Impact Measurement, or ‘Regeneration Verification’

Last week I was on the panel in a webinar ‘Impact investing beyond intention and emotion’, hosted by Impact Institute. The central theme of the webinar was impact measurement. Below are some further thoughts…

When I get something in my head, I can be a bit like a broken record, and go on and on about it. Impact measurement, and my particular view on it, is one of those things. Call it vision, call it passion, call it plain annoying for those around me (just ask our team :-). The other thing I won’t let up about is ‘regeneration’. These two passions come together neatly in the Wire Private Markets Fund, which has both an innovative approach to impact measurement and ‘regeneration’ as a central theme in its investment strategy. To my mind, they are also intricately related.

Regeneration

Let’s start with regeneration. It is becoming increasingly clear that over the past 100 years or so we have lived beyond our means on this Planet Earth that we call home. To fully appreciate this requires a bit of systems thinking. The ‘six capitals’ model is very useful for this, which basically suggests that there are different types of capitals, which can be combined and transformed, through economic activity, into new capitals.

Source: International Integrated Reporting Council (IIRC)

We have used copious amounts of natural resources, cut down forests, integrated workers into global value chains without paying a living wage, and so on and so forth. And we (companies) have turned this into material wealth. In other words, we have extracted a huge amount of so-called natural and human capital and turned this into manufactured and financial capital. We are now starting to see the full effect of this, as manifested by the climate crisis, land degradation, rising inequality and the rapid decline of biodiversity. In other words, the stock of natural and human capital that our welfare has depended on has become depleted.

Investors, central banks, and insurers are increasingly taking note and realizing that manufactured and financial capital are in trouble. According to a recent study by Swiss Re, the global re-insurance company, more than half of global GDP – $42 trillion – depends on high-functioning biodiversity and ecosystem services. Personally, I would argue that GDP is not the real issue here, but rather how we as humans can continue to live on this planet without serious reductions in our well-being (health, happiness, harmony), which depends on a healthy balance between the different capitals.

In short: we need to re-invest in (regenerate) natural and human capital. Which is the explicit aim of Wire Private Markets Fund. However, this raises the question of how we know that we are indeed doing so. Which brings us to impact measurement.

Verification

For Wire Private Markets Fund we have set ourselves the goal – and made 50% of our variable fee (‘carried interest’) conditional on reaching this goal – of creating at least twice (2x) as much human capital and/or natural capital as we invest, because only then can we claim to be significantly contributing to regeneration.

By using a combination of tried-and-tested and more emergent methods it is possible to measure and calculate the amount of human and natural capital created by our investments. For the sake of brevity, we also refer to these together as ‘societal value’. This would look something like this:

As you might expect, this is not easy to do. We are expecting many challenges as we put this way to measure impact into practice. We nevertheless chose this approach because we want to help progress this emergent way of measuring impact and we want to encourage the impact investing sector to become more explicit about the impact it is creating.

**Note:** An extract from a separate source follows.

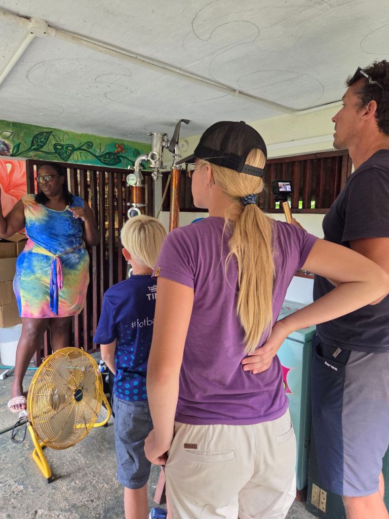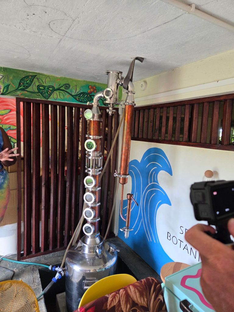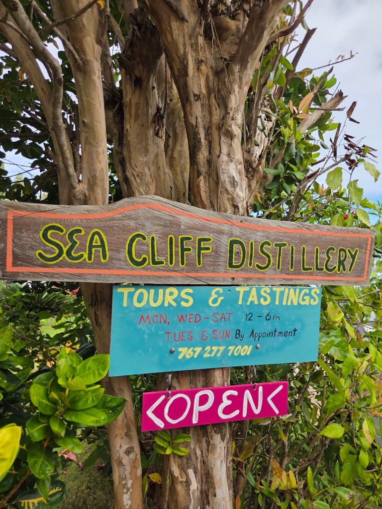 Siste stopp på turen var Sea Cliff Distillery, et lite gin-destilleri som ligger på en klippekant på nordøstkysten av Dominica, like utenfor Calibishie. Destilleriet er omgitt av tropisk hage, havutsikt og vill natur. Dette er ikke et tradisjonelt destilleri, men et lite, familieeid sted hvor bærekraft, natur og håndverk går hånd i hånd.
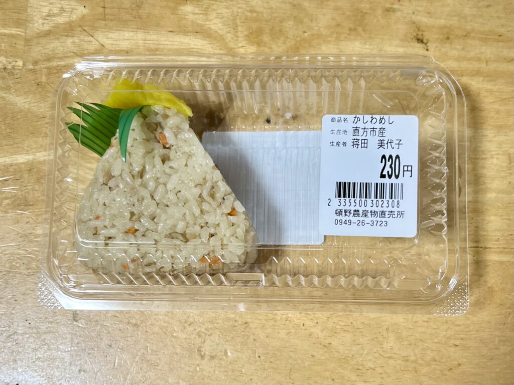 かしわおにぎりです。鶏肉、ごぼう、人参の定番具材入りです。本来は2個入りです…そうです、写真を取る前にたべてしまいました(すみません)。

Thankfully, we are not alone in this. Y Analytics, Harvard Impact Weighted Accounts Initiative, Impact Institute, TruCost and KPMG True Value are all charting this course. In 2012-14 I led the development of KPMG True Value, which since I left KPMG has been further developed into a global service line. At the time, I also built on existing practices, bringing together different threads. For Wire Private Markets Fund, we have partnered with Impact Institute to help us develop a methodology that is just right for our fund but can also be applied more broadly in the impact investing sector, and we will actively reach out to the others working in this space.

One more thing that I think is very important to emphasise is that we are not proposing that impact companies and impact funds take on a whole new approach to impact measurement. We are simply adding a layer that builds on, and is complementary to, existing impact measurement frameworks such as IRIS+ and Impact Management Project (IMP).

To finish off, let me share why we are so excited about, and committed to, this approach. From our point of view, the three biggest wins from calculating societal value in this way are that:

  1. it builds on the efforts of the IMP in bringing rigour and discipline to impact measurement by encouraging us to focus on outcomes: what actually changes in society as a result of the activities of an impact company;
  2. it helps investors to understand how much impact they get relative to their investment (impact ‘bang for your buck’);
  3. the methodology for calculating how much positive value is created can also be used to calculate how much negative value is created by non-impact companies, thereby highlighting how those companies continue to extract natural and human capital rather than regenerate, which is a level of consciousness that we urgently need.